ADD base,base,sub,LSL #2 ;base=base+sub*4
ADD base,base,sub ;base=base+sub*1
LDRB len,[base,#4] ;Get string len
TEQ len,#0 ;If zero,nothing to do
MOVEQ pc,link

;
;Arbitrary alignment load of four-byte pointer into
;p1. Address of pointer in base
;

AND sub,base,#3 ;Get offset in bytes
BIC base,base,#3 ;Get lower word address
LDMFD base,{p1,p2} ;Load the two words
MOVS sub,sub,LSL #3 ;Get offset in bits
MOVNE p1,p1,LSR sub ;Shift lower word
RSBNE sub,sub,#32 ;Get shift for high word
ORRNE p1,p1,p2,LSL sub ;ORR in the high word

;
;Now print the string. NB len > 0 so we can test at the
;end of the loop
;
.pStrLp

LDRB R0,[p1],#1 ;Load a character into R0
SWI WriteC ;Print it
SUBS len,len,#1 ;Decrememt the count
BNE pStrLp ;Loop if more

.endPStr

MOV pc,link ;Return
;
;testPstr. This takes a subscipt in sub (r0)
;and a BASIC string array CALL parameter
;and prints the appropriate string
;
.testPstr

STMFD (sp)!,{link}
LDR base,[argPtr] ;Load the address of the
BL pStr ;CALL parm. Print the string
LDMFD (sp)!, {pc}

]
NEXT pass
DIM a$(10)
FOR i%=0 TO 10

a$(i%)=STR$RND
NEXT i%
FOR i%=0 TO 10

A%=i%
PRINT"This should say "a$(i%)": ";
CALL testPstr,a$(0)
PRINT

NEXT i%

Multi-dimensional arrays

A single list of items is not always sufficient. It may be more natural to store items as a table of two or even more dimensions. A BASIC array declaration of two dimensions is:

DIM t%(5,5)

This allocates space for a matrix of 36 integers:
We can use such arrays in assembly language by imagining the rows laid out
end to end in memory. Thus the first six words of the array would hold
t%(0,0) to t%(0,5). The next six would store t%(1,0) to t%(1,5)
and so on. To calculate the address of t%(a,b) we use base+a*lim+b,
where lim is the limit of the second subscript, which is 6 in this case.

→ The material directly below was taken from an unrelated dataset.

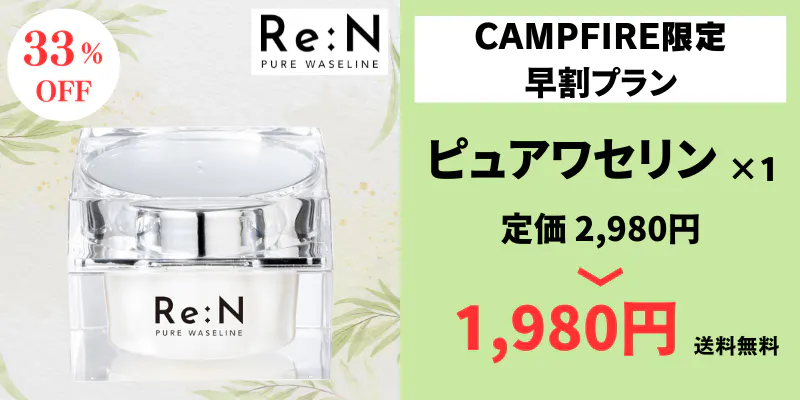 その間、もっと多くの方にRe:Nのピュアワセリンをお届けしたいという想いでネクストゴール(目標金額:60万円)を設定させていただきました!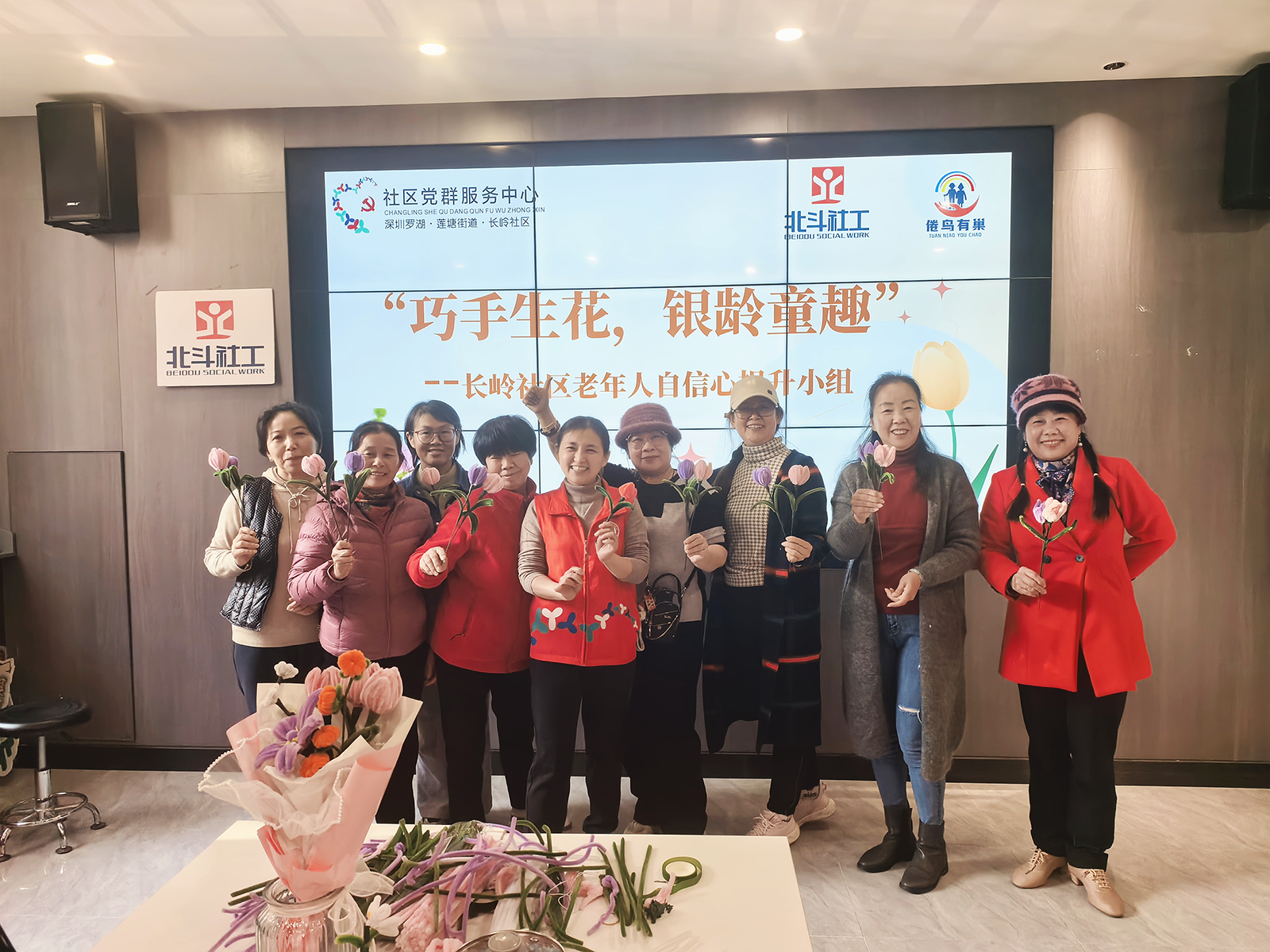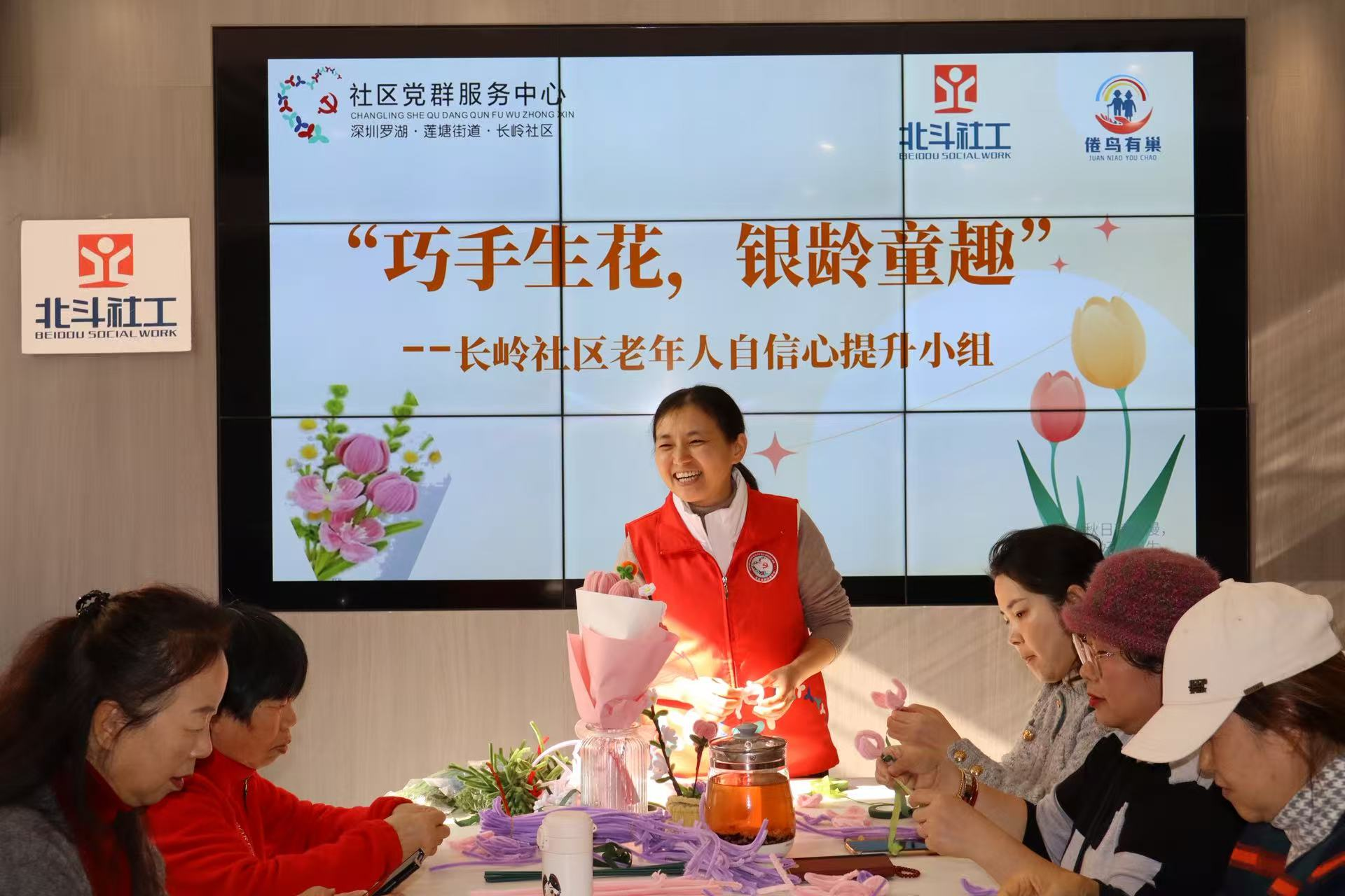 莲塘街道长岭社区开展“巧手生花,银龄童趣”老年人自信心提升小组

The routine below takes base, sub1 and sub2. It calculates the address
of the required element, assuming each element is 4 bytes (e.g. an integer)
and that there are 16 elements per row.

ADD sub1, sub2, sub1, LSL #4 ;sub1=sub2+16*sub1
ADD base, base, sub1, LSL #2 ;base=base+sub1*4

Once base has been calculated, the usual instruction could be used to load the integer at that address. In the more general case, the number of elements per row would be stored in a register, and a general multiply used to multiply sub1 by this limit.

Bit fields

We end this discussion of the basic types of data by reverting to the lowest level of representation: the bit. We have seen how sequences of bits, usually in multiples of eight, may be used to represent characters, integers, pointers and floating point numbers. However, single bits may usefully store information too.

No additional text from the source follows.